Data under study -
· · · ·

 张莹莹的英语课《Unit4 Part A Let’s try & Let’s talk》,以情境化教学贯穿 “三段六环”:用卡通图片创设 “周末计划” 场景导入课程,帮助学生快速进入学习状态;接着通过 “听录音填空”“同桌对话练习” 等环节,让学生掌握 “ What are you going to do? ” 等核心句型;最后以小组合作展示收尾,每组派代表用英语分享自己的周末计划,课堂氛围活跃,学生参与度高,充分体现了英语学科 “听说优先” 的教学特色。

· · · ·

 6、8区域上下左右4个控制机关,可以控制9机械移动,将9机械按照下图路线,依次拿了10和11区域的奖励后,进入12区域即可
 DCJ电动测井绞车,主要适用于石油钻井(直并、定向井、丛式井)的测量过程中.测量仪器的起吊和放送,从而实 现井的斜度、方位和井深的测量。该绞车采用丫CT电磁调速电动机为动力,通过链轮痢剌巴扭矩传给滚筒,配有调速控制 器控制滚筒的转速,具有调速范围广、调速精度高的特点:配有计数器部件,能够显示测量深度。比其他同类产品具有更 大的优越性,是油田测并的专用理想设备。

· · · ·

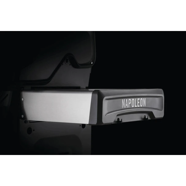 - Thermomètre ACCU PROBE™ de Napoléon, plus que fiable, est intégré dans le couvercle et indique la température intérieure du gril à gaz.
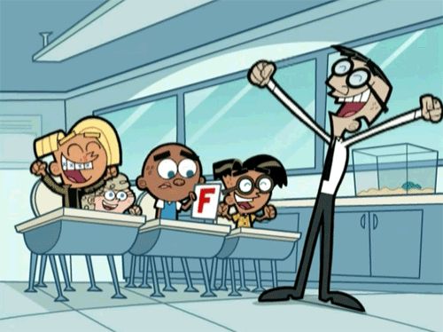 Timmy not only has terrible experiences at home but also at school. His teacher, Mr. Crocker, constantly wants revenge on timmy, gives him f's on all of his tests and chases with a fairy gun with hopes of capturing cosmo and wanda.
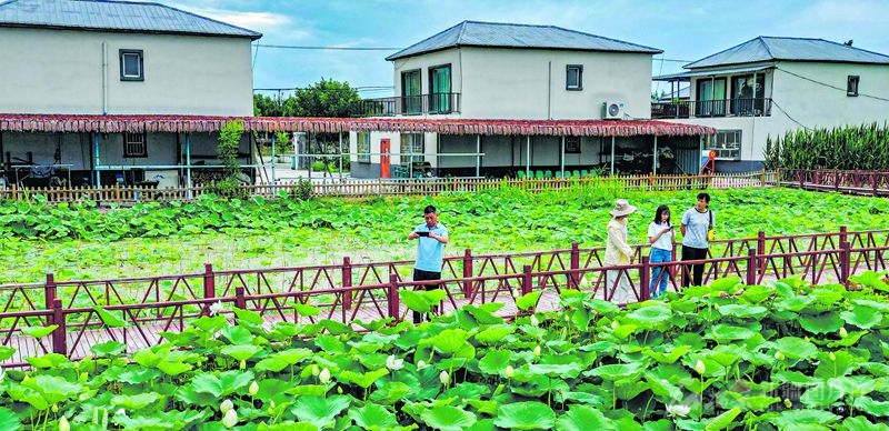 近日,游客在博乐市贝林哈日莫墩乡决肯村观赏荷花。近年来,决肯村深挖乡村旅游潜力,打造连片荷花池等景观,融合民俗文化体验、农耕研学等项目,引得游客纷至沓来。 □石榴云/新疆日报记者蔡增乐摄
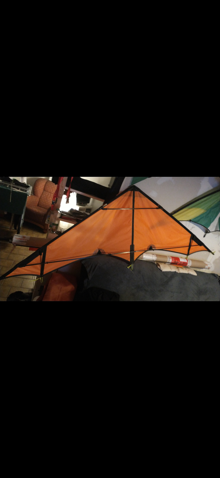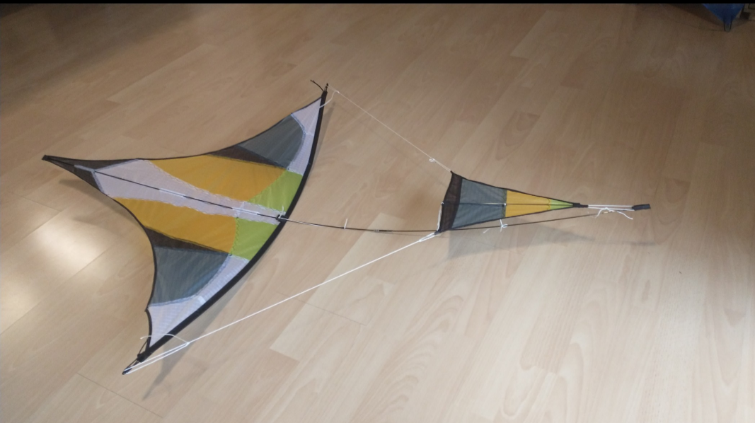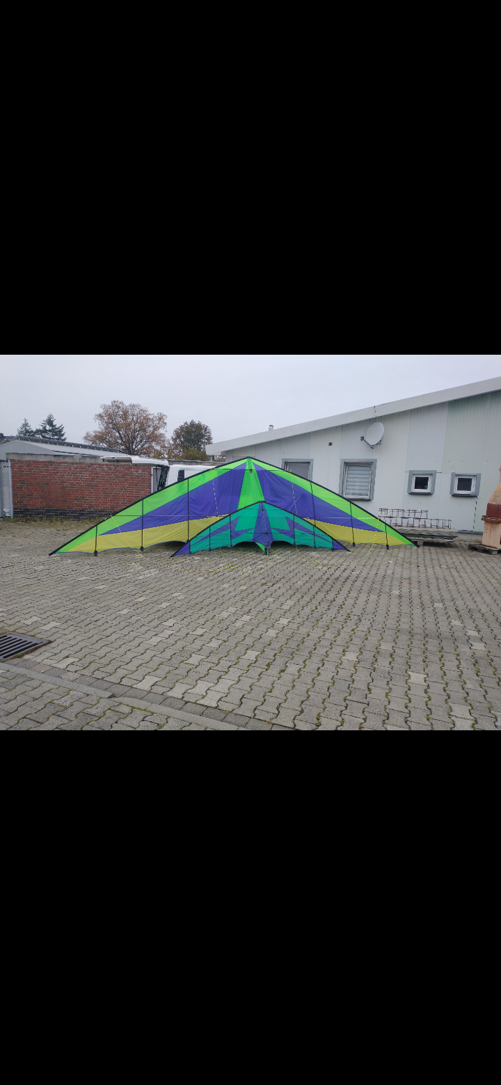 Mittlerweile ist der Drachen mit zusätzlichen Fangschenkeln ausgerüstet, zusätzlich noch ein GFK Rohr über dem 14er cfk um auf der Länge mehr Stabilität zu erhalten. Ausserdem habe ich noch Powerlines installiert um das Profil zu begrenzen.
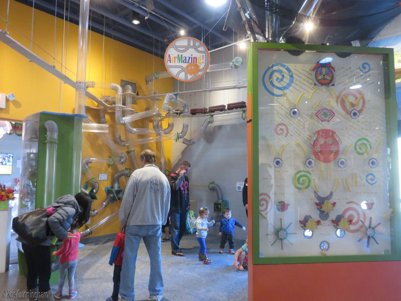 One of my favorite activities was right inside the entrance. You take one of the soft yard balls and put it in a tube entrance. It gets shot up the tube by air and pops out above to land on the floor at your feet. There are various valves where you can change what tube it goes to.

· · · ·

Exercise - A word-for-word reproduction is needed of the lines above from the line containing "Mittlerweile ist der" through the line containing "One of my favorite", with both ends kept and no pictures.

Written response -
 Mittlerweile ist der Drachen mit zusätzlichen Fangschenkeln ausgerüstet, zusätzlich noch ein GFK Rohr über dem 14er cfk um auf der Länge mehr Stabilität zu erhalten. Ausserdem habe ich noch Powerlines installiert um das Profil zu begrenzen.
 One of my favorite activities was right inside the entrance. You take one of the soft yard balls and put it in a tube entrance. It gets shot up the tube by air and pops out above to land on the floor at your feet. There are various valves where you can change what tube it goes to.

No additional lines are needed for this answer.